Зрачки Бусыгина напряжённо дрожали, удерживая уплывающего Школьникова в поле зрения. Что бы он ни говорил о том, что ему пора, глаза на обескровленном лице с провисшей кожей и проступившими под ней костями черепа хотели жить и отчаянно метались в глазницах.
— Откуда мне знать? Ты у нас писатель или я? Тебе и знать, а моё дело маленькое…
— Твоё дело теперь самое главное! Ты должен сделать так, чтобы «Кровь и судьба» была издана. Понял, Сёма? Это моё тебе завещание.
— Подожди ты с завещанием, Пётр Андреевич! Не торопись! Успеешь ещё завещать и перезавещать. Всё ещё успеешь.
В подтверждение слов Семёна Исаевича раздался звонок в дверь.
— Вот и «скорая», а ты умирать собрался.
Школьников высвободил руку из разжавшихся пальцев Бусыгина и пошёл открывать врачам.

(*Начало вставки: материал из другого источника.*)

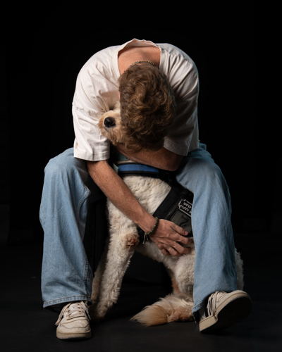 "רג'י מזהה חרדה ו'מטפל' בדרך שלו - נצמד אליי, מושך אותי ומלקק. הוא בעיקר נותן לי אחריות וממלא לי את הראש בעיסוק חיובי במקום חזרות על 'מה הייתי צריך לעשות אחרת'. אני מרגיש שהחיים שלי השתנו מקצה לקצה מאז שהוא איתי".
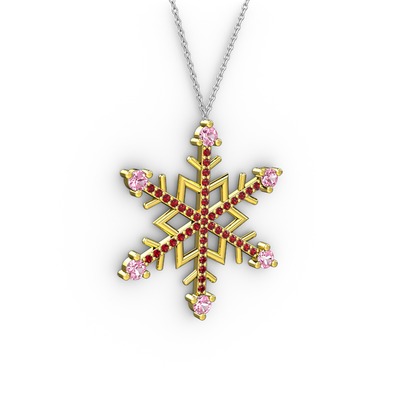 Pembe kuvars ve garnet 18 ayar altın kolye (40 cm beyaz altın rolo zincir)
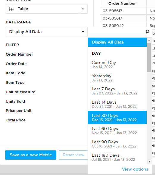 - Filters are available from the left sidebar. You can change the date range by selecting an option from the drop down.
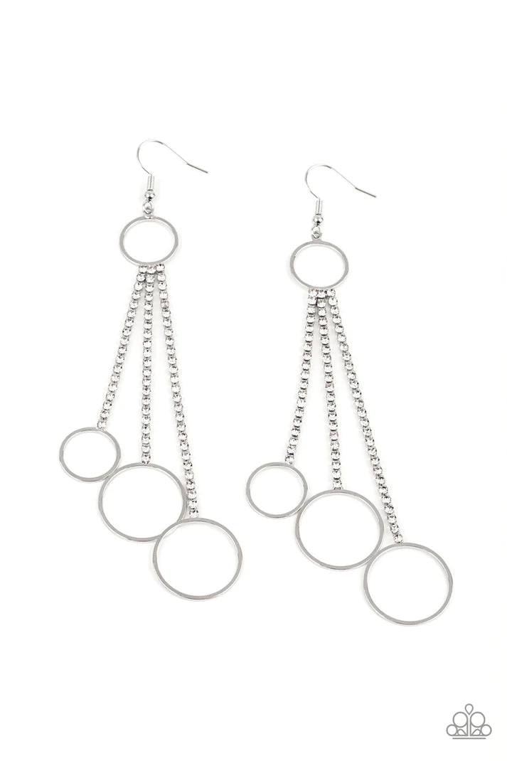 Dainty silver hoops swing from the bottom of glittery strands of glassy white rhinestones that attach to the bottom of a dainty silver ring, creating a tantalizing tassel. Earring attaches to a standard fishhook fitting.
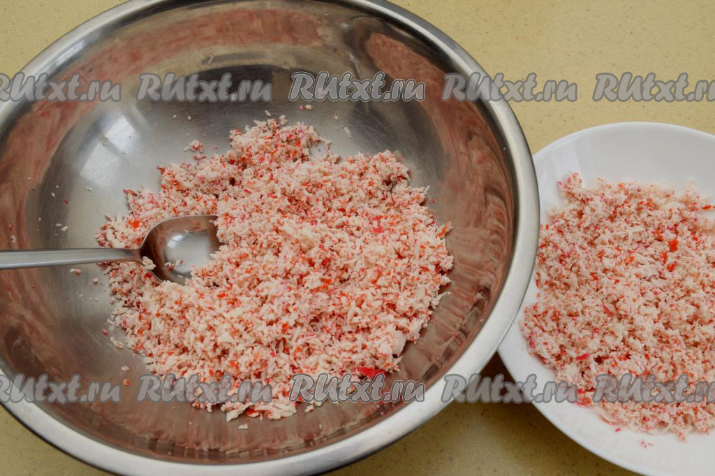 Натереть слегка подмороженные крабовые палочки на мелкой тёрке в глубокую миску. Треть натёртых палочек отложить в отдельную тарелку, они нам понадобятся в конце для обсыпки наших рафаэлок.
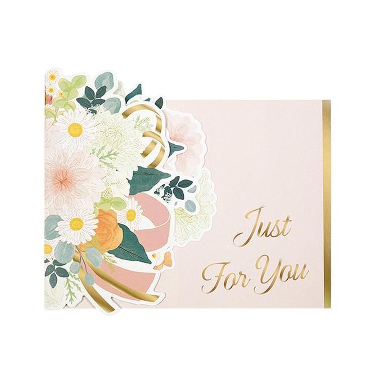 リボン部分を持って開くと立体的なブーケになる、ポップアップ仕掛けのメッセージギフトボード。
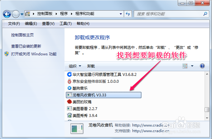 3、在右侧找到想要删除的程序,在上面双击鼠标左键就是提示你是否删除程序,选择是就可以了。
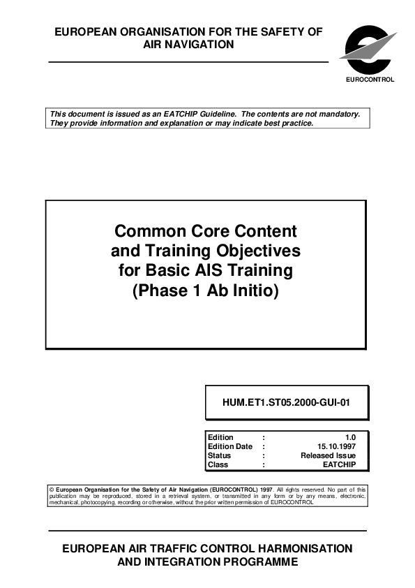 The creation of a set of Common Core Content and Training Objectives for the training of ab initio AIS personnel will assist in the harmonisation of operational practices in the Aeronautical Information Services.
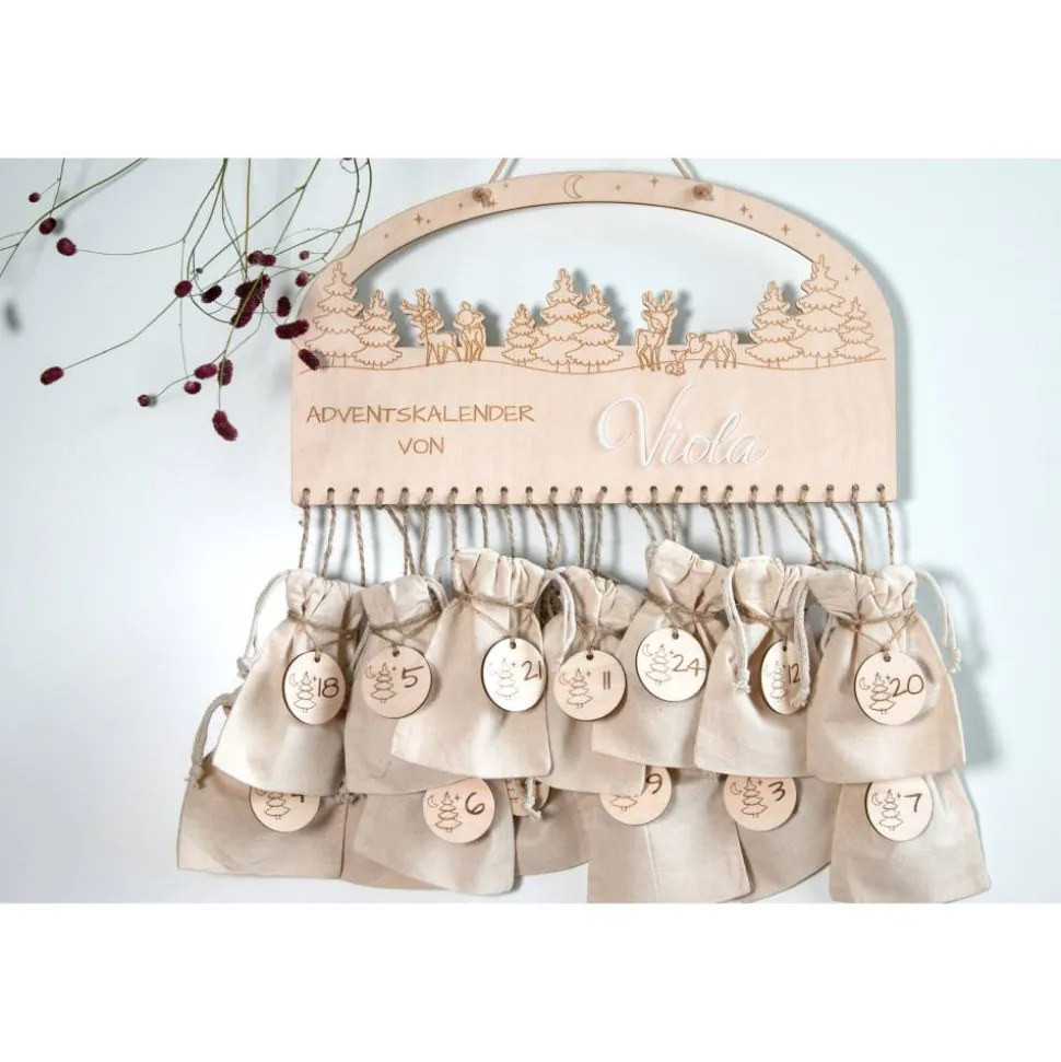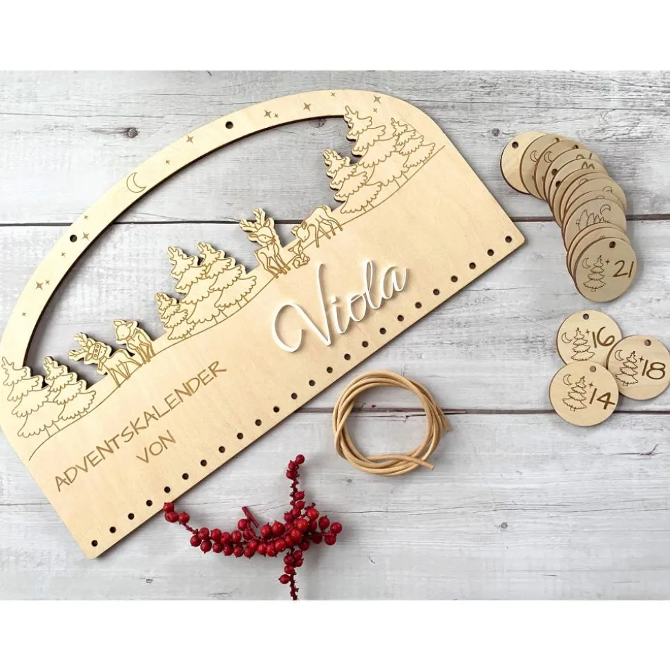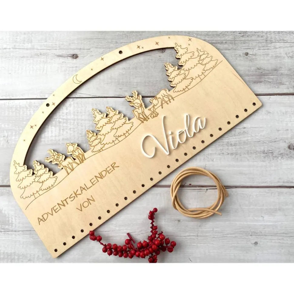 Schlicht, nordisch und persönlich: DieserAdventskalender aus 4 mm Birkensperrholz zeigt eine feine Winterlandschaft mitRehen. Der Name wird aus weißem Acryl gelasert und als 3D-Schrift aufgesetzt –gut lesbar, robust und Jahr für Jahr wieder schön. Das Brett wird präzisegelasert, sorgfältig geschliffen und kommt mit einem 60 cm Lederband (Ø3 mm).Oben befindet sich ein Aufhängeloch Ø5 mm, unten Reihen von Ø4 mm-Löchern zumBefestigen der Beutel oder Zahlenanhänger.

Через полторы недели Семён Исаевич навестил Петра Андреевича в больнице. Незадолго перед Школьниковым к Бусыгину приходила жена, и теперь он сидел в постели, обложенный её гостинцами, методично уплетая варёный картофель и колбасу, сыр и творог, запивал их чаем и громко при этом хлюпал, не стесняясь двух других соседей по палате. Он явно уже привык к простому больничному быту, где стесняться не принято. Выглядел Пётр Андреевич не ахти: лицо исхудало, обвисло, под глазами набрякли мешки, так что если раньше он казался Школьникову немолодым, но ещё крепким мужчиной, то теперь перед ним был жадно жующий, усыпанный крошками старик. Не переставая жевать, он указал Семёну Исаевичу на свободный стул у постели, положил в тумбочку принесённые им мандарины, жестом предложил угощаться. Когда его рот, наконец, освободился, стал рассказывать об уходящих и возвращающихся болях, о больничных порядках, процедурах и уколах. Говорил Пётр Андреевич с усмешкой, призванной отделить его от этой однообразной тягомотины, но усмешка на обвисшем блёклом лице была не слишком убедительна, серая больничная тоска наложила на него свой отпечаток. И всё время, пока он говорил, между ними висел незаданный вопрос. Наконец, Бусыгин не выдержал:
— Что там ваш главред, вернулся из отпуска?
— Нет ещё, но уже скоро, — как можно убедительнее сказал Школьников и, заметив во взгляде Петра Андреевича недоверие, повторил, — скоро.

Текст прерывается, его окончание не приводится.